The heart is a bloom, shoots up through stony ground
But there’s no room, no space to rent in this town
You’re out of luck and the reason that you had to care
The traffic is stuck and you’re not movin’ anywhere
You thought you’d found a friend to take you out of this place
Someone you could lend a hand in return for grace

It’s a beautiful day,
The sky falls and you feel like
It’s a beautiful day,
Don’t let it get away

You’re on the road but you’ve got no destination
You’re in the mud, in the maze of her imagination
You love this town even if that doesn’t ring true
You’ve been all over and it’s been all over you

It’s a beautiful day,
Don’t let it get away
It’s a beautiful day,

Touch me, take me to that other place
Teach me love, I know I’m not a hopeless case

See the world in green and blue
See China right in front of you
See the canyons broken by cloud
See the tuna fleets clearing the sea out
See the bedouin fires at night
See the oil fields at first light
See the bird with a leaf in her mouth
After the flood all the colours came out

It was a beautiful day
Don’t let it get away
A beautiful day

Touch me, take me to that other place
Reach me, I know I’m not a hopeless case

What you don’t have you don’t need it now
What you don’t know you can feel it somehow
What you don’t have you don’t need it now
Don’t need it now
It was a beautiful day

Beautiful Day by U2 (and sung by the Fellowship of Sound)

I. BEGINNING

My father was an art teacher for many years.  When my sister and I were younger, my dad would give us art lessons from time to time.  It was fun and we learned a lot.  But one of the things that I remember him saying in the course of those lessons was “Black is not a color; it is the absence of light.” Black is the absence of light.

About this Sermon
Part 7 of the series “Lent and Easter with U2
Rev. Mark Schaefer
Kay Spiritual Life Center, American University
April 24, 2011—Easter Sunday
Acts 10:34-43Matthew 28:1–10

That was a fascinating thing to learn as a kid.  The realization that without light, everything is black. What a fascinating idea.  The idea that objects we think are black are simply not reflecting any light back to us.  (Of course, there are very few things that are truly black—and so we are still able to make out the edges and the contours of black objects because some light is reflecting.
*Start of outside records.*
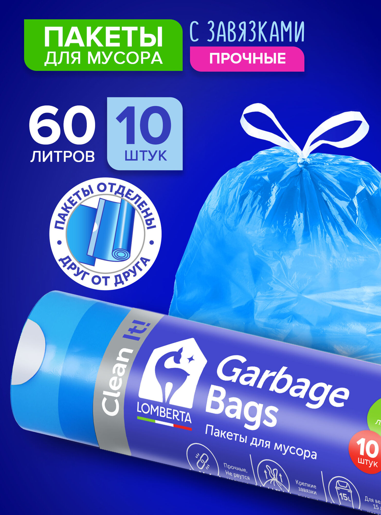 Мешки для мусора Lomberta 60 л, 10 шт, плотные с завязками, пакеты уже оторваны друг от друга и сложены в рулон информация: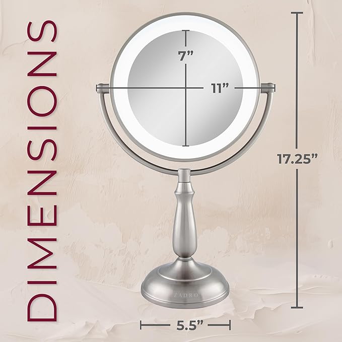 Zadro 11" Makeup Mirror with Lights and Magnification Dimmable Touch LED Lighted Makeup Mirror with Magnification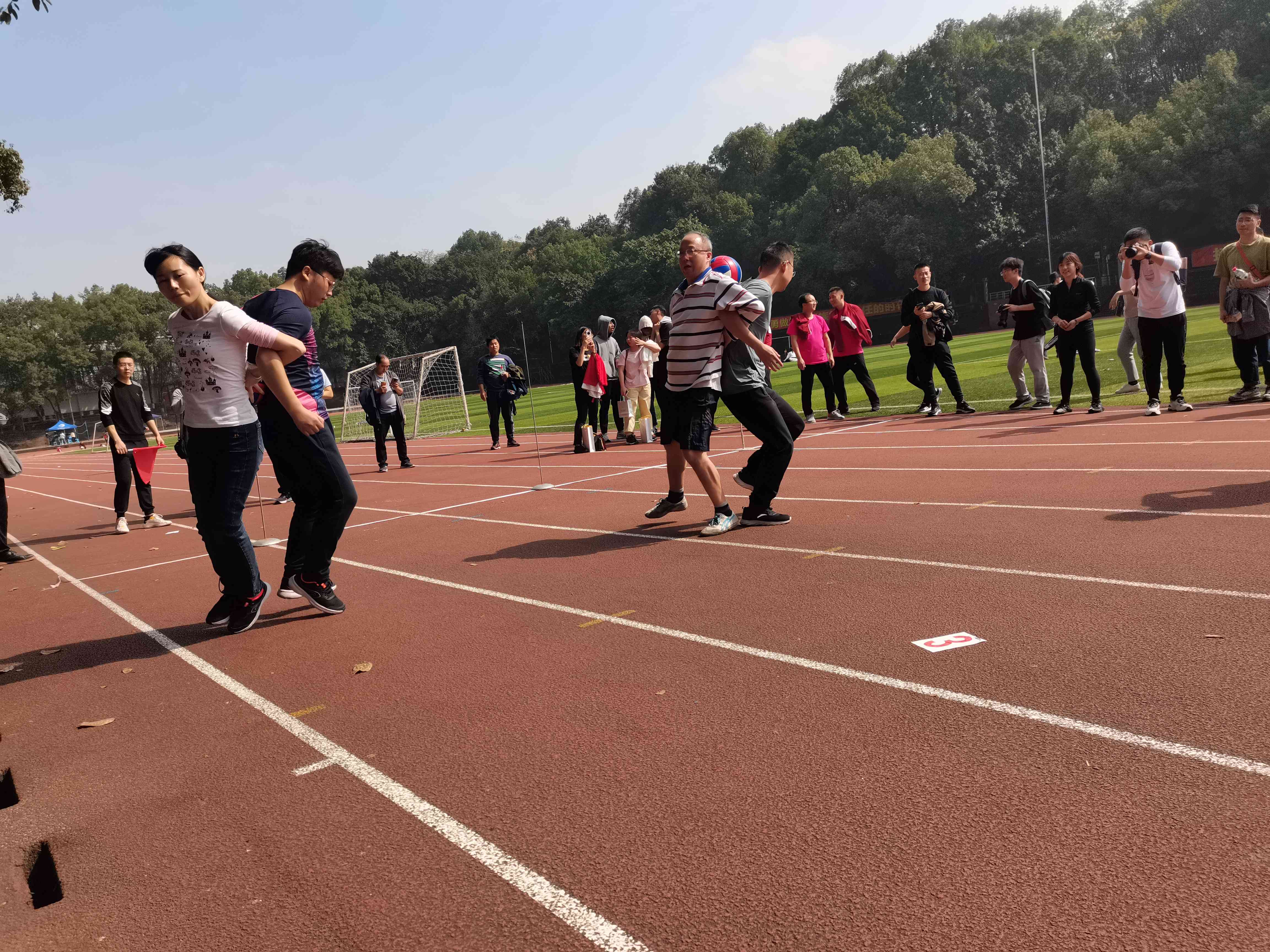 最后是螃蟹赛跑比赛,教师们手挽手,肩并肩,步伐一致地向着终点前进,转眼间就已经抵达了终点。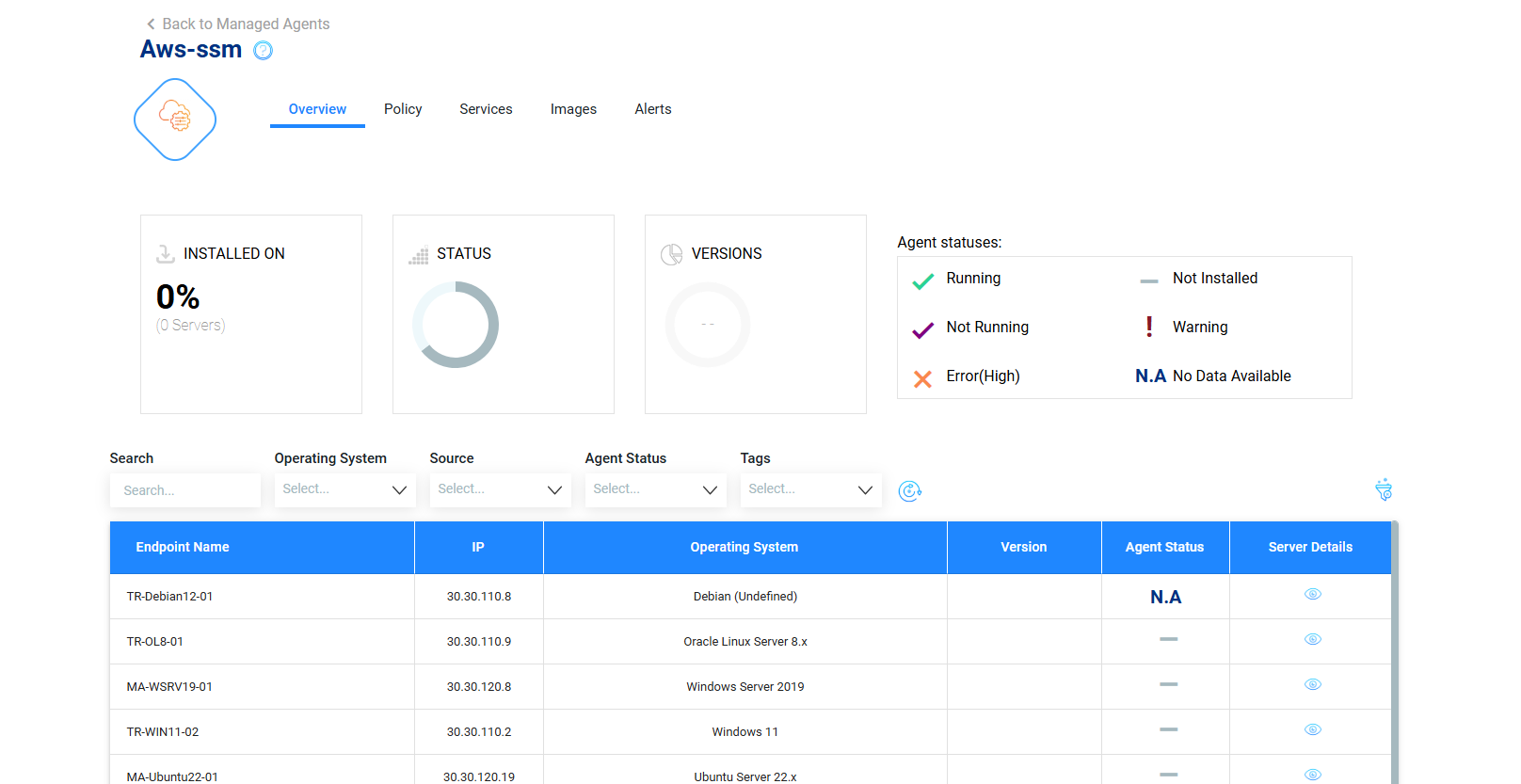 Here you can get an updated view of Agents' status and the servers it is installed on.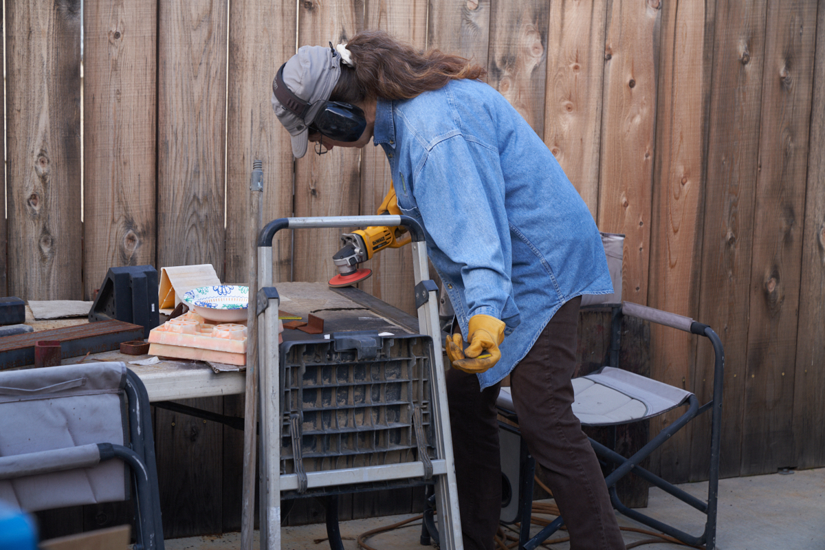 Kathleen helps with the surface preparation tasks on the 2x0.25"

But there was something about that phrase “the absence of light” that struck me.  There was something intriguing about that notion.

Being an artist, my dad remains much more aware of light than I am.  When he comes down to visit and we go to the National Gallery, he lingers much longer on paintings than I do.  I tend to look at them, say “That’s pretty” and move on. He sees more in them.  He’ll comment on the use of light and shadow.  Things that I perceive on some level, but don’t notice.  On another occasion, visiting a Vermeer exhibit with my then girlfriend and her mother, I knew that I liked the paintings but only later discovered that Vermeer was famous for his use of light in his art.

Seeing the light is the key.

II. THE TEXT

And so, perhaps a little better educated on the use of light in art, I notice that it is with light that our story begins.  We read in Matthew’s gospel:

After the sabbath, as the first day of the week was dawning, Mary Magdalene and the other Mary went to see the tomb.

It is early on a Sunday morning.  The sabbath has passed and the day is dawning as Mary Magdalene and the other Mary went to see the tomb.  The story begins with the new day dawning, light coming up over the horizon; the darkness of the grave yielding to the light of life.

But there is more.

The gospels all use the designation “the first day of the week” to say it was Sunday.  Sunday was, and is, the first day of the week, the Sabbath (Saturday) being the seventh day of the week.  This on its face is not too surprising: in Hebrew to this day, Sunday through Friday are just referred to as “First Day” “Second Day” etc.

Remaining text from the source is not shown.